On 10/24/22 10:42, Christian A. Ehrhardt wrote:
- Fix memset argument order: The second argument is
the value, the length goes last.
- Fix an integer overflow reported by Alexander Bulekov.
Both issues allow the guest to overrun the host buffer
allocated for the ERST memory device.
Cc: Eric DeVolder <eric.devol...@oracle.com
Cc: Alexander Bulekov <alx...@bu.edu>
Cc: qemu-sta...@nongnu.org
Fixes: f7e26ffa590 ("ACPI ERST: support for ACPI ERST feature")

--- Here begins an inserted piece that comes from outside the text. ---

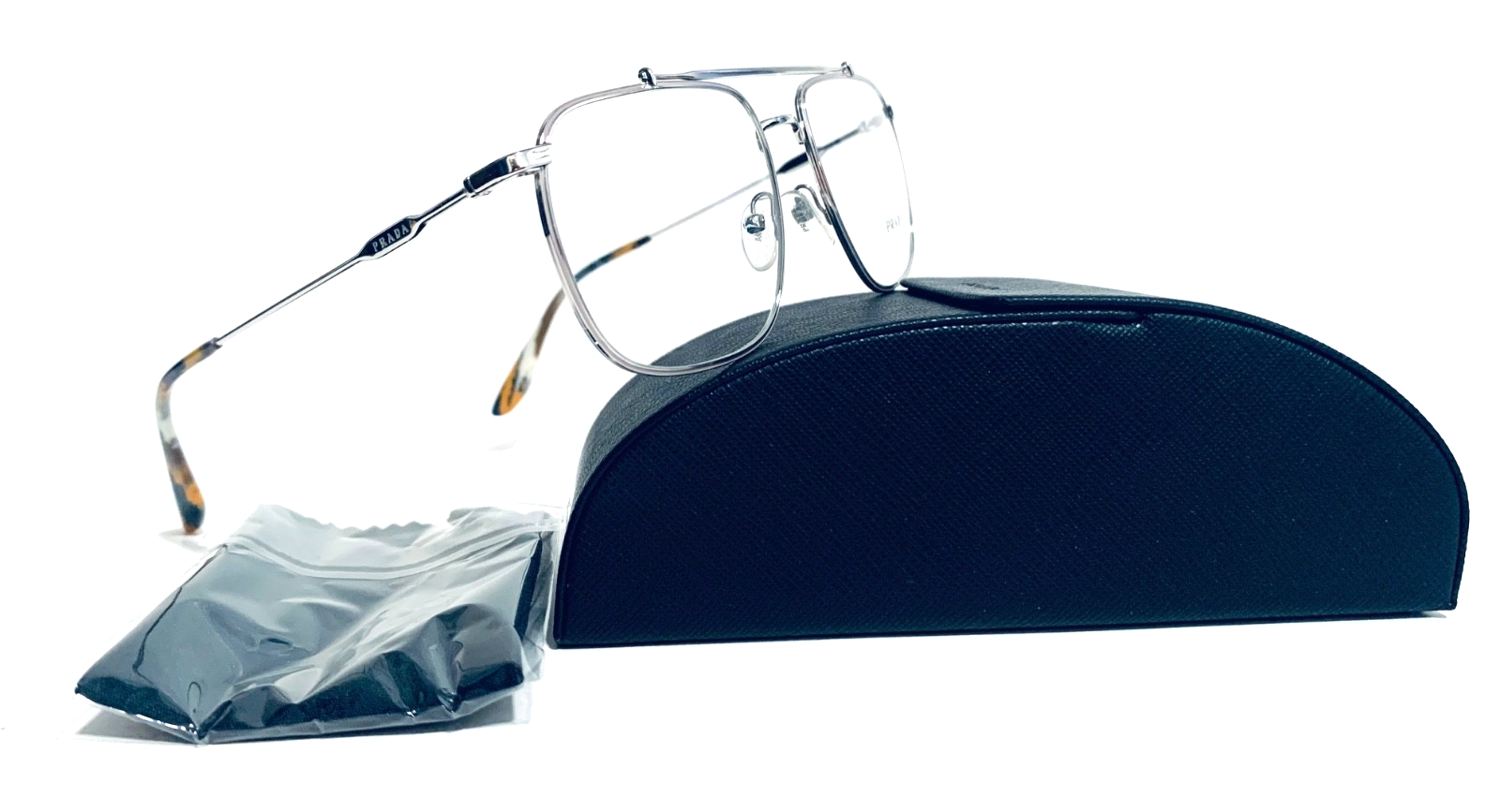 RACCOON STASH WELCOMES YOU! 100% Money Back Guarantee! NEW AUTHENTIC PRADA VPR 56U 1BC-1O1 Silver Metal Square Aviator RX Eyeglasses Frame MADE IN ITALY Model: PRADA VPR 56U 1BC-1O1 Color: Silver Metal / Tortoise Tips Lens Color: Clear RX Demo Size: 55-18-145 MM The frame is brand new, never used or worn! COMES WITH ORIGINAL PRADA CASE and PRADA Cleaning Cloth. Case model may vary! All items are packaged carefully for shipping to prevent any damage during transportation. International Buyers - Please Note: Import duties, taxes, and charges are not included in the item price or shipping cost. These charges are the buyer's responsibility. Please check with your country's customs office to determine what these additional costs will be prior to bidding or buying. If you have any questions please feel free to ask. Thank you for choosing us for your optical needs! Item ID: RV 012_016

Tested-by: Alexander Bulekov <alx...@bu.edu>
Signed-off-by: Christian A. Ehrhardt <l...@c--e.de>
Reviewed-by: Eric DeVolder <eric.devol...@oracle.com>
Thanks Christian!
eric
---
hw/acpi/erst.c | 6 +++---
1 file changed, 3 insertions(+), 3 deletions(-)
diff --git a/hw/acpi/erst.c b/hw/acpi/erst.c
index df856b2669..aefcc03ad6 100644
--- a/hw/acpi/erst.c
+++ b/hw/acpi/erst.c
@@ -635,7 +635,7 @@ static unsigned read_erst_record(ERSTDeviceState *s)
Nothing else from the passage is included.